§ What is required
The required output is a copy of each line in the material below that includes "Compact".

§ Source material

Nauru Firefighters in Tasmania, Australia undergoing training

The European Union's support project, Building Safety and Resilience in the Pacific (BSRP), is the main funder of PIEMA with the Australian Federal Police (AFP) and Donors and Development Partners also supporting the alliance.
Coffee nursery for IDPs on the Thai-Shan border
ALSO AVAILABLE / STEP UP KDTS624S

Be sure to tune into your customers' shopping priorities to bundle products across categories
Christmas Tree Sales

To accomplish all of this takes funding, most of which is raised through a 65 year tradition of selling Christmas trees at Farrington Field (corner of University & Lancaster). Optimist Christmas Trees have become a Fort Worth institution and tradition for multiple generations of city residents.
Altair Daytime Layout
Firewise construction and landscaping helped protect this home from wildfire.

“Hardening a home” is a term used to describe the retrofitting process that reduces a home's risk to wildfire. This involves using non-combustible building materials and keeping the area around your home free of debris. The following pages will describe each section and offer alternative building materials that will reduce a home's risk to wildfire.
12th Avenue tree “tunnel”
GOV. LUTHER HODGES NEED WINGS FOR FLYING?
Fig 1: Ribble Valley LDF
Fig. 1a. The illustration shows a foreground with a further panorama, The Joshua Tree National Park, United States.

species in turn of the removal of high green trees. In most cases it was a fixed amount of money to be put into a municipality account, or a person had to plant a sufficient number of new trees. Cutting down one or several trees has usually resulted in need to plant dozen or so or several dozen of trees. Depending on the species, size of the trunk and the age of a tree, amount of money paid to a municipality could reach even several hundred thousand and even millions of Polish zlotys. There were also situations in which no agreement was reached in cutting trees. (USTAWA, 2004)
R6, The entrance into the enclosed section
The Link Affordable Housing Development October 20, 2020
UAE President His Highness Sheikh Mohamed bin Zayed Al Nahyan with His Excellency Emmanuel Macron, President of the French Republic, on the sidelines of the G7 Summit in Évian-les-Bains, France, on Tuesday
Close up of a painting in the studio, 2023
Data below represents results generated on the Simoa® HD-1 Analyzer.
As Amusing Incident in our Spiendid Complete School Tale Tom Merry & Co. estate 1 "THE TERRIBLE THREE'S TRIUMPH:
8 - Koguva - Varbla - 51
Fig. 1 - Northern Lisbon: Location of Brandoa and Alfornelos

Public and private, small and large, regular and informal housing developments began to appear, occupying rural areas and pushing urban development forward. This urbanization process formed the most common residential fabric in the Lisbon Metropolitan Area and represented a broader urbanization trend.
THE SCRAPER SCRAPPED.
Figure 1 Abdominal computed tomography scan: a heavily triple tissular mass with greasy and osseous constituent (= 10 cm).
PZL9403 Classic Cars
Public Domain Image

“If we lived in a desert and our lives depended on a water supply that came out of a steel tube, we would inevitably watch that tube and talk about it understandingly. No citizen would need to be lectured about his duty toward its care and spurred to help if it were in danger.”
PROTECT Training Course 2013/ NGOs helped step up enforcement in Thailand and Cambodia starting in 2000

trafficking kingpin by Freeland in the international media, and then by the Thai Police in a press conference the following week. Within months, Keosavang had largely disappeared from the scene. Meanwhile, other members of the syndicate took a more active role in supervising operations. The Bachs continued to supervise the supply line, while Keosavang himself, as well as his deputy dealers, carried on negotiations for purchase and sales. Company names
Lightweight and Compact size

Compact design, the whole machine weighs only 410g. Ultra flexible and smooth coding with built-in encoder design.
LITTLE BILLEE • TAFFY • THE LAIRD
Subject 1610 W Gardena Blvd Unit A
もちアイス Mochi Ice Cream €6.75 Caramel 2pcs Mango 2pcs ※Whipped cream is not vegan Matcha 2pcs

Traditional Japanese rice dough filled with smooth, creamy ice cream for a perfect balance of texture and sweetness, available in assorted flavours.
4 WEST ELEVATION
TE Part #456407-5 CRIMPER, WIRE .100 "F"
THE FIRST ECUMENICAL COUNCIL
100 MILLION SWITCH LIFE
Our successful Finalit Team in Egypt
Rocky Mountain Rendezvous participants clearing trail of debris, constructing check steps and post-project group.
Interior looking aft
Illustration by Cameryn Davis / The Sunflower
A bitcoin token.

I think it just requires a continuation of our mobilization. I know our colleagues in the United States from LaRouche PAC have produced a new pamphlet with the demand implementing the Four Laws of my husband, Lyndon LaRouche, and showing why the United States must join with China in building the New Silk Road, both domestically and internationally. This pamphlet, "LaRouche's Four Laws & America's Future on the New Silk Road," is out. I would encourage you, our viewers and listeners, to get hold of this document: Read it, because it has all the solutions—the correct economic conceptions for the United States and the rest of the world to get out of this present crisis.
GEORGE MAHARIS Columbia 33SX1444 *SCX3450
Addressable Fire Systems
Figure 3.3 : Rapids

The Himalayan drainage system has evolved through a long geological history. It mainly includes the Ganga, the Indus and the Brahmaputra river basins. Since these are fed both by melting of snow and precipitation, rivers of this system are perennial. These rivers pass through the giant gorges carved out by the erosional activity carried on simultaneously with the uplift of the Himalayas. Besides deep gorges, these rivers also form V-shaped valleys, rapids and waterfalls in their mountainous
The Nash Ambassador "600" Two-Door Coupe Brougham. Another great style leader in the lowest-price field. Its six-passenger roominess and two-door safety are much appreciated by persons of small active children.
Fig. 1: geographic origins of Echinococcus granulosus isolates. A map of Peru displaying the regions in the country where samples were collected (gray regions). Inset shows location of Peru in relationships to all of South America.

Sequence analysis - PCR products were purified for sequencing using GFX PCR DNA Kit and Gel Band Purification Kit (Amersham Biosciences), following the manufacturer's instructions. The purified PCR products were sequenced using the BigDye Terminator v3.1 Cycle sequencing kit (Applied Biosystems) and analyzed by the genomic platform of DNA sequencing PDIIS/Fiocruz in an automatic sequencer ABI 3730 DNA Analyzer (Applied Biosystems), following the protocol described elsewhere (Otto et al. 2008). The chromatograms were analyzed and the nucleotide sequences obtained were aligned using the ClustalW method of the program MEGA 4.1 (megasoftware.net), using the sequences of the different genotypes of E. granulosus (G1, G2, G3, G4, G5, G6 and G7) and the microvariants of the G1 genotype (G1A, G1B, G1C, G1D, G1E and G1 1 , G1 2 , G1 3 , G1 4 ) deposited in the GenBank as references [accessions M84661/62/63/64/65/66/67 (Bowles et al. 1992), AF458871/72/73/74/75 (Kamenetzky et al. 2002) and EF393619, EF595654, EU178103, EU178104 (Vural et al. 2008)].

§ Exercise response
Lightweight and Compact size
Compact design, the whole machine weighs only 410g. Ultra flexible and smooth coding with built-in encoder design.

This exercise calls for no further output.